34. Ingestion Time Partitioned Tables

https://www.udemy.com/course/bigquery/learn/lecture/22751515#questions

  • Tables can be partitioned by:
    • Ingestion time
    • Date/Timestamp column
    • Integer Column
  • Partitioning and Partition type is set during table creation
  • These can be viewed in the table Details after creation

Ingestion Time

    • BQ automatically loads data into daily, date based partitions based on the arrival date
      • UTC Only!

Example:

  • Create table same as any other.
  • Partition and cluster settings
    • Partition by ingestion time
    • Partitioning type:
      • By day
        • Default
        • Best for large tables spanning many months and years
      • By hour
        • Best for smaller date ranges (< 6mo)
        • Good for high volume data
        • Will adversely affect performance on very large tables spanning many months and years.
    • Partition filter: [ X ] Require partition filter
      • This option will REQUIRE a query to use a WHERE clause.
      • May reduce costs and improve performance.

Pseudo columns

  • These tables will automatically create new pseudo columns depending on the type
    • Daily
      • _PARTITIONTIME containing the timestamp (full, I’m guessing)
      • _PARTITIONDATE containing only the date
        • Guessing this is a much faster search
    • Hourly
      • only _PARTITIONTIME for hourly tables.
  • Can use any standard filtering operators on these columns
    • AND, OR, >, <, =, !=, etc.

Viewing pseudo-column data in a query

  • You must use an alias for the column name
select _PARTITIONTIME as pt, _PARTITIONDATE as pd, name from `proj.ds.table` where _PARTITION = DATE("YYYY-MM-DD")

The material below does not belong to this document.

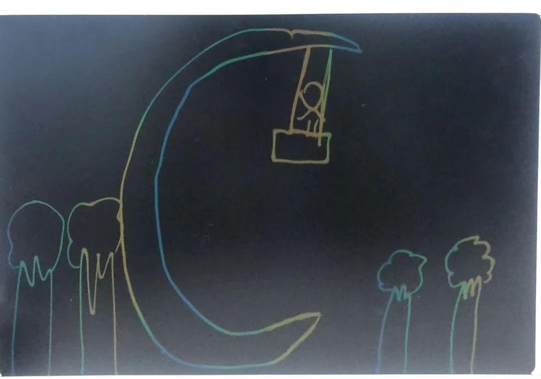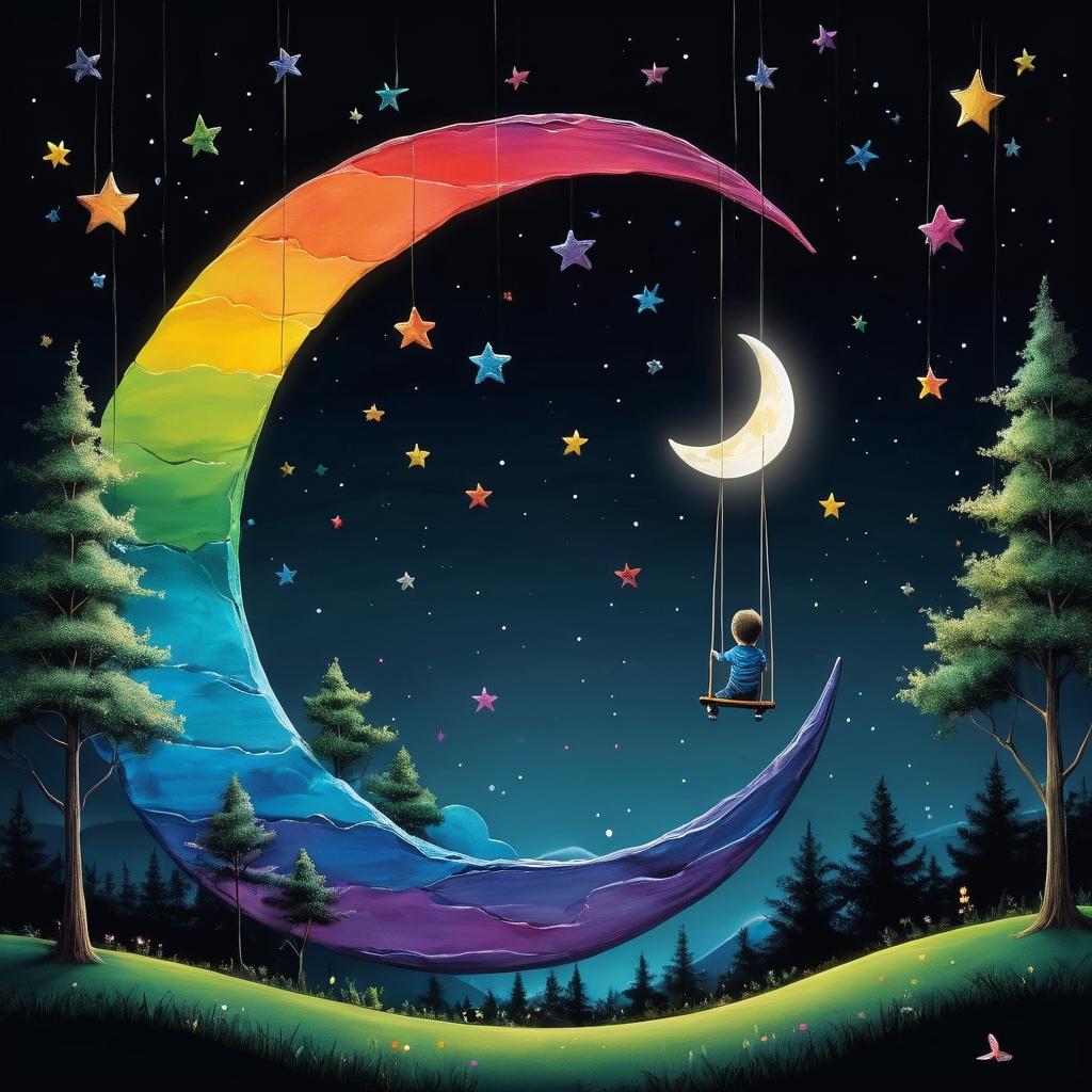 这幅作品以黑色为背景,呈现出一种夜晚的神秘氛围。画面中主要元素包括一个巨大的弯月和一个坐在秋千上的小人,秋千悬挂在月亮上。地面上还描绘了几棵简单的树。线条使用了彩虹色,增添了一种梦幻的感觉。整体构图简单但富有童趣,可能在传达一种关于梦境或幻想的主题。

ROW  pt                       pd          name
1    2022-02-09 00:00:00 UTC  2022-02-09  Mary
2    2022-02-09 00:00:00 UTC  2022-02-09  Jim

__PARTITIONS_SUMMARY__ Meta Tables

  • These tables contain the metadata about partitions in a time-partitioned table.
    • Queries have to use Legacy SQL
    • There will be 1 row for each partition, so each new date upload will get a new row
      • Multiple uploads during the same day will share the same row
      • They will just update the last_modified columns.
select * from [ds.table$__PARTITIONS_SUMMARY__]
  • Row
  • project_id: proj
  • dataset_id: ds
  • table_id: table
  • partition_id: YYYYMMDD (no hyphens)
  • creation_time: UNIX_TIMESTAMP
  • creation_timestamp: YYYY-MM-DD HH:MM:SS.MMM UTC
  • last_modified_time: UNIX_TIMESTAMP
  • last_modified_timestamp: YYYY-MM-DD HH:MM:SS.MMM UTC

Using Non-UTC Timestamps

  • Extra columns
    • Create an extra column in your table that stores the current timestamp
    • Handle the differences in your query using the pseudo column && current timestamp column
    • select * from `proj.ds.table` where _PARTITIONTIME=TIMESTAMP_ADD(MY_TIMESTAMP_FIELD, INTERVAL 8 HOUR)
  • Use Partition Decorators to load data into a specific partition

35. Date or Timestamp Column Partitioned Tables

https://www.udemy.com/course/bigquery/learn/lecture/22751521#questions

Creating the Table

  • Create the table as usual
  • The partitioning field must be:
    • DATE or TIMESTAMP
    • Top-level field
      • Cannot be a ‘leaf’ field from a Struct
    • REQUIRED or NULLABLE
      • Cannot be REPEATED
  • Partitioning
    • Partition by field: Select your column
      • It will be available in the dropdown
  • The pseudo column will NOT be created since you are using an existing field
    • You WILL still get the __PARTITIONS_SUMMARY__ table
  • Upload your data
    • Data that is NULL or Invalid
      • NULL data will be stored in the __NULL__ partition
        • select * from [ds.table$__NULL__]
      • Invalid data will be stored in the __UNPARTITIONED__ partition
        • select * from [ds.table$__UNPARTITIONED__]
select * from `proj.ds.table` where DATE_FIELD = DATE("YYYY-MM-DD")

Streaming Data

  • Streaming data is originally recorded in the __UNPARTITIONED__ partition
  • Streaming records are NOT stored to the disk as soon as they are received
    • Recv >write, recv > write, … would be VERY inefficient.
  • They are instead first placed in a buffer.
  • When the buffer is full, or set time has passed, the contents are written in batches
  • SLA says the data must be available as soon as it is received, so queries against it will still work, even if it has not yet been written.
    • Query will hit both the table and the buffer
    • To the user, it appears the data is only coming from the table
  • Once the data is written to disk, it will be recorded in the appropriate partition

36. Integer based Partitioned Tables

https://www.udemy.com/course/bigquery/learn/lecture/22751527#questions

Integer Partitions

  • Requires at least one INTEGER primary column
    • Same rules apply as DATE and TIMESTAMP
  • Provide a Start, End and Interval
    • Start is Inclusive, End is Exclusive
      • Start will always be included in the Partitioning
      • End may or may not be, depending on the Interval size.
    • Example: Start = 2, End = 105, Interval = 10
      • Partition1 = 2-11
      • Partition2 = 12-21
      • Partition10 = 92-101
    • Data with -1, 1, 102, 105, 200 will be written to the __UNPARTITIONED__ partition
    • Null values will be written to the __NULL__ partition
select * from [ds.table$__PARTITIONS_SUMMARY__]

Example Query

select * from `proj.ds.table` where MY_INT between 30 and 50
  • This example will only scan the ’30’, ’40’ and ’50’ partitions

Partitioned Tables Pricing and Limitations

  • There is no extra cost to create Partitioned tables.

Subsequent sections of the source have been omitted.